45 anni fa Sherry Arnstein presentò la sua “scala della partecipazione dei cittadini” (Arnstein, 1969). Oggi, la partecipazione è una parte quasi imprescindibile della letteratura scientifica, di conferenze e riunioni, documenti e progetti strategici. Uno dei principali obiettivi del ForumAlpinum è promuovere il “dialogo tra scienza e società (politica e prassi)”; in quanto tale, il tema della partecipazione è stato affrontato ripetutamente e sempre più di frequente nella ventennale storia del ForumAlpinum. Al primo evento del ForumAlpinum a Disentis, Svizzera, nel 1994, una presentazione ha osservato un cambiamento nelle reazioni dei cittadini. Dieci anni più tardi, nel 2004 a Kranjska Gora, è stato dedicato un workshop alla cooperazione quale elemento chiave di uno sviluppo sostenibile. Nel 2007 una sessione plenaria e i successivi workshop hanno discusso della cooperazione e del processo decisionale nella gestione del paesaggio. Da quel punto in poi è stato difficile persino separare le tematiche della partecipazione da altre discussioni, dato che la partecipazione ora è solidamente integrata in quasi tutte le sedute. Questa evoluzione segue lo sviluppo del paradigma partecipatorio. Le discussioni teoriche sulla partecipazione a riunioni come quelle del ForumAlpinum sono quindi superflue? La risposta potrebbe essere affermativa: sappiamo già tutto al riguardo, dobbiamo solo metterlo in pratica. Tuttavia, benché abbiamo
maturato un’ampia esperienza pratica e amiamo dichiarare la nostra dedizione verso approcci partecipativi, sono ancora difficili da trovare esempi di “vera” partecipazione. I motivi di questo stato di cose sono state individuati e discussi in passato (ad es. Chess e Purcell 1999, Buchecker et al., 2003, Černič- Mali e Golobič 2005, Golobič et al., 2007). Abbiamo raggiunto i limiti della capacità partecipativa delle nostre società? Oppure è necessaria una maggiore partecipazione per ampliare questi limiti? Senza tentare di rispondere a questa domanda, qui focalizzerò l’attenzione su alcune problematiche che ritengo siano molto rilevanti per una riflessione critica sulla partecipazione.
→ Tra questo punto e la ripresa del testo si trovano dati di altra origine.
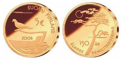 5 Euro 2006 150° Demilitarizzazione Aland Dritto: Albero di pino, tipico delle Isole Aland. Iscrizioni: 150 AR - ALANDS DEMILITARISERING Verso: Poppa di una barca con timone, con una colomba appoggiata sul braccio del timone stesso. Iscrizioni: SUOMI FINLAND - 5 EURO - 2006 | |
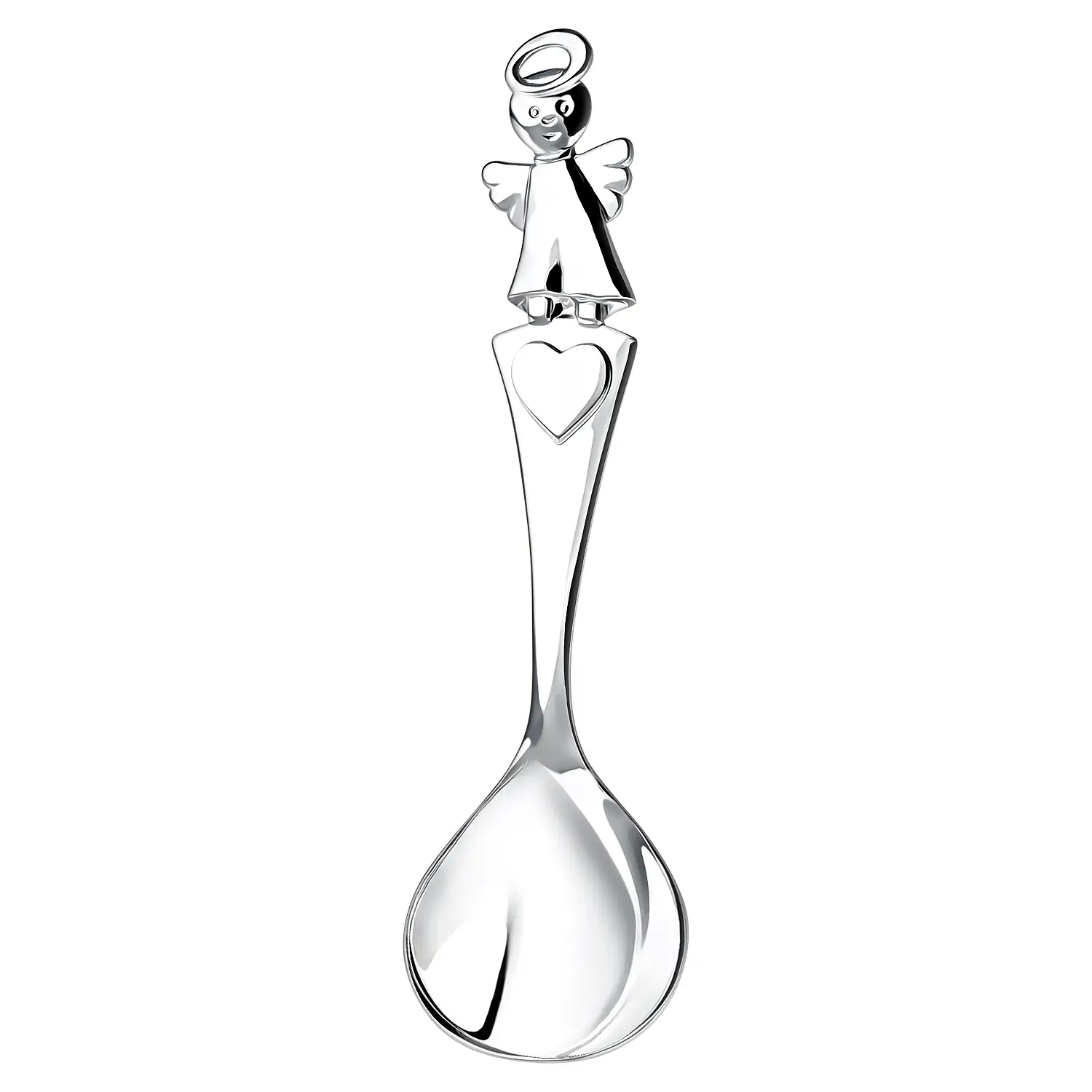 Серебряная детская ложка "Ангелочек" для кормления. Длина – 12.2 см., ширина - 3.8 см. Артикул: CDL0022

La prima sfida a un processo partecipatorio produttivo è costituita dall’atteggiamento dei responsabili (politici, scienziati, pianificatori ecc.). Benché si riscontri un sostegno generalmente diffuso a un processo partecipativo a livello di dichiarazioni, i responsabili spesso nutrono riserve relative all’effettivo valore del coinvolgimento dei soggetti interessati. Tali riserve derivano da un atteggiamento del tipo “io sono un esperto, loro no” che mette in discussione la validità delle conoscenze possedute dai partecipanti “meno informati”. Tali atteggiamenti si possono suddividere più o meno in 4 gruppi distinti (figura 1). L’ipotesi di fondo dei primi due gruppi è che i non addetti ai lavori non possiedano le conoscenze specifiche
necessarie per dare un valido contributo. Questo produce due atteggiamenti diversi: uno “artistico” e uno “istruttivo”. Gli “artisti” non hanno bisogno di spiegare le proprie decisioni e la loro validità deriva dalla loro autorevolezza personale (o istituzionale). Gli “educatori”, d’altro canto, ricercano il consenso del pubblico ma si aspettano di ottenerlo dopo che il pubblico è stato ben istruito sulla “cosa giusta” da fare. Gli educatori credono nella cosiddetta “riparazione cognitiva”.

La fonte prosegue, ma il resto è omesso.